Das erklärte der frühere Swiss-Ski-Präsident im Interview mit der Nachrichtenagentur Keystone-SDA nach seinen ersten 100 Tagen im Amt. Demnach sollen Frauen und Männer künftig jeweils rund 45 bis 50 Rennen pro Saison bestreiten, sofern keine Weltmeisterschaften oder Olympischen Spiele stattfinden. Erste Anpassungen seien ab der Saison 2027/28 vorgesehen.

Lehmann plädiert dafür, die Saison insgesamt zu verlängern und das Weltcupfinale um eine Woche nach hinten zu verschieben. Gleichzeitig soll der Saisonauftakt kompakter gestaltet werden, um längere rennfreie Phasen zu vermeiden. Zudem fordert er eine ausgewogenere Verteilung der Rennen über die verschiedenen Disziplinen hinweg. Auch Bewerbe außerhalb Europas, etwa in Asien oder den USA, seien aus seiner Sicht denkbar.

Im alpinen Skisport sieht Lehmann weiterhin den größten wirtschaftlichen Hebel innerhalb der FIS. Diese Disziplin generiere die meiste Wertschöpfung und müsse daher strategisch weiterentwickelt werden. Gleichzeitig ortet er in anderen Bereichen wie Freestyle großes Wachstumspotenzial. Insgesamt verfolgt Lehmann das Ziel, den Schneesport stärker global auszurichten.

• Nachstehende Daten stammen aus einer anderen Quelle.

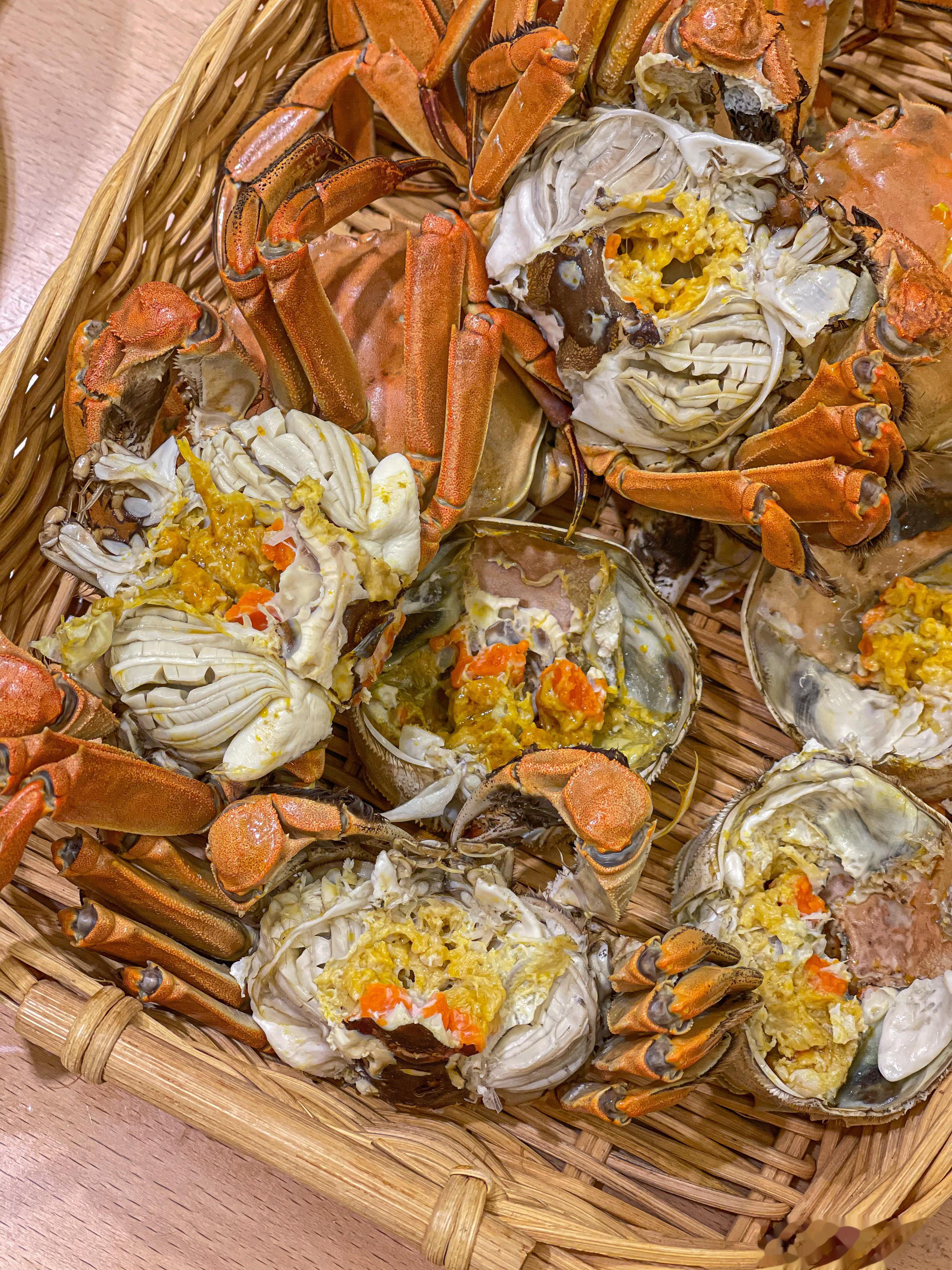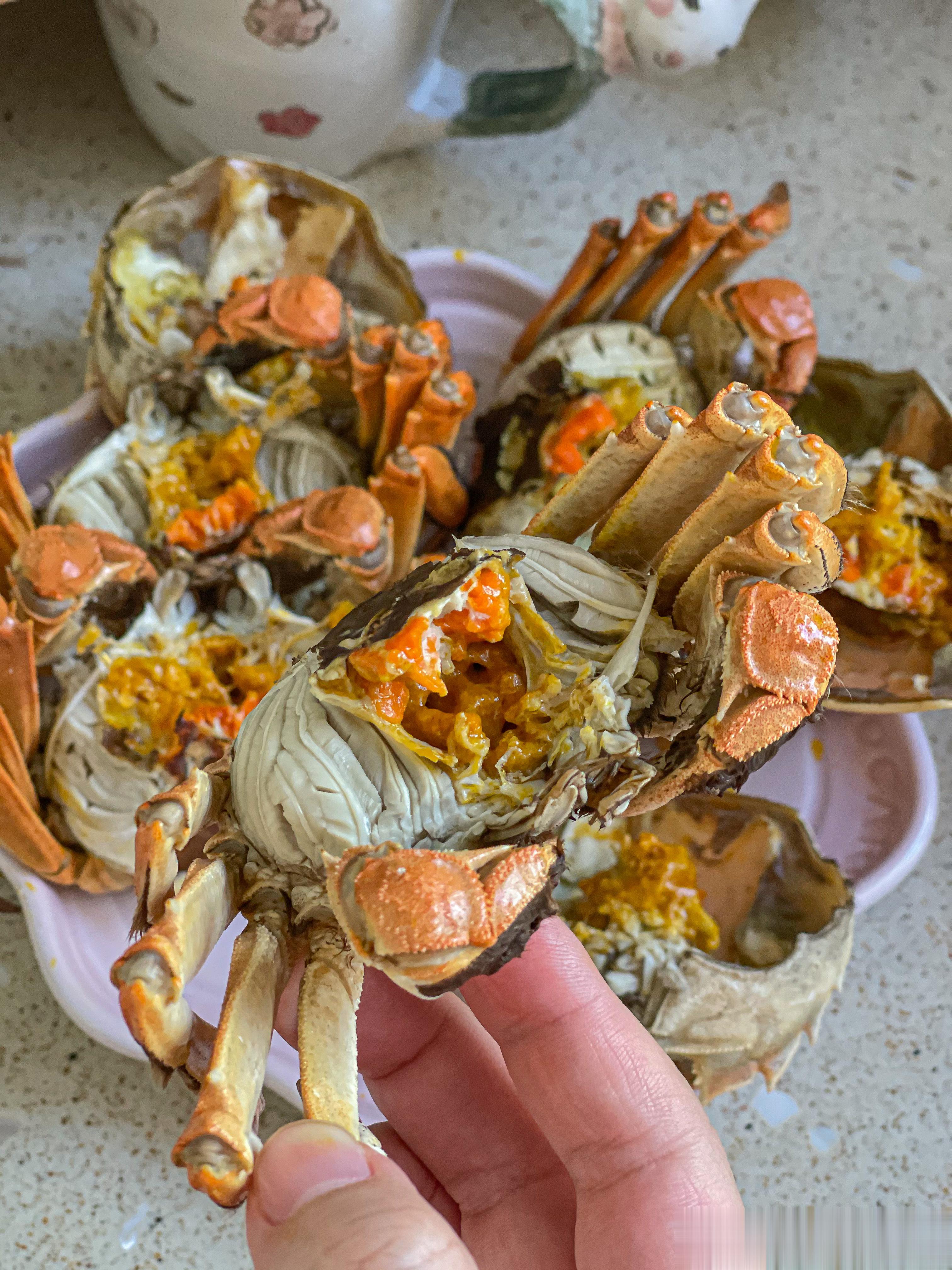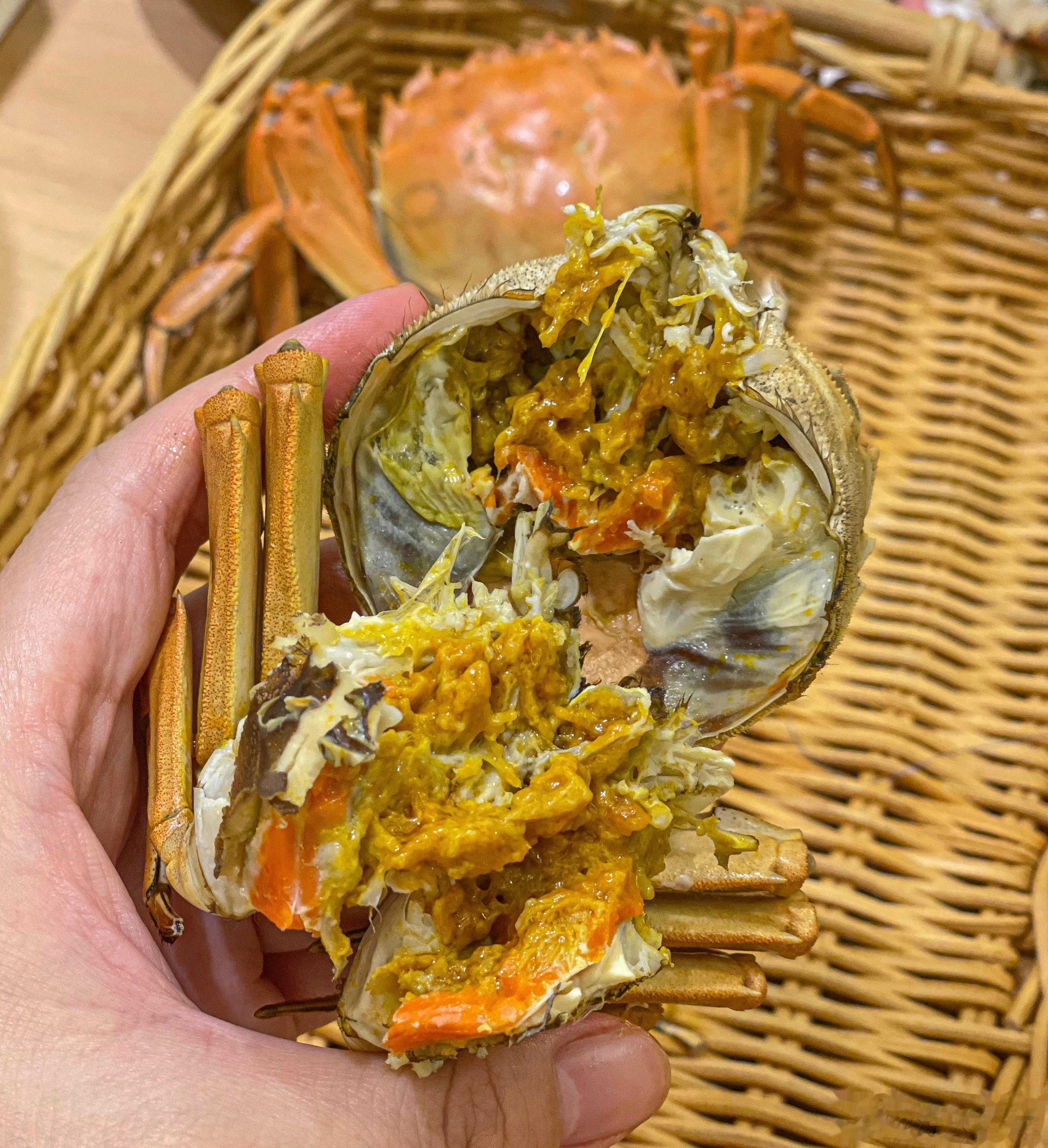正宗盘锦河蟹在稻田里散养,野味儿十足,口感鲜咸。母蟹满满的蟹黄,蟹肉细软鲜甜,味道极其鲜美。

Darüber hinaus brachte der FIS-Geschäftsführer die Einführung eines einheitlichen weltweiten Punktesystems im alpinen Skisport ins Spiel. Ein solches System, das über alle Leistungsebenen hinweg greift, könnte laut Lehmann ab dem Jahr 2030 umgesetzt werden.

Positiv äußerte sich Lehmann auch zur geplanten Einführung einer Frauen-Vierschanzentournee, die er als wichtigen Meilenstein bezeichnete. Die Tour de Ski nannte er das „Kronjuwel im Langlauf“, betonte jedoch, dass deren sportlicher und wirtschaftlicher Stellenwert wieder gestärkt werden müsse.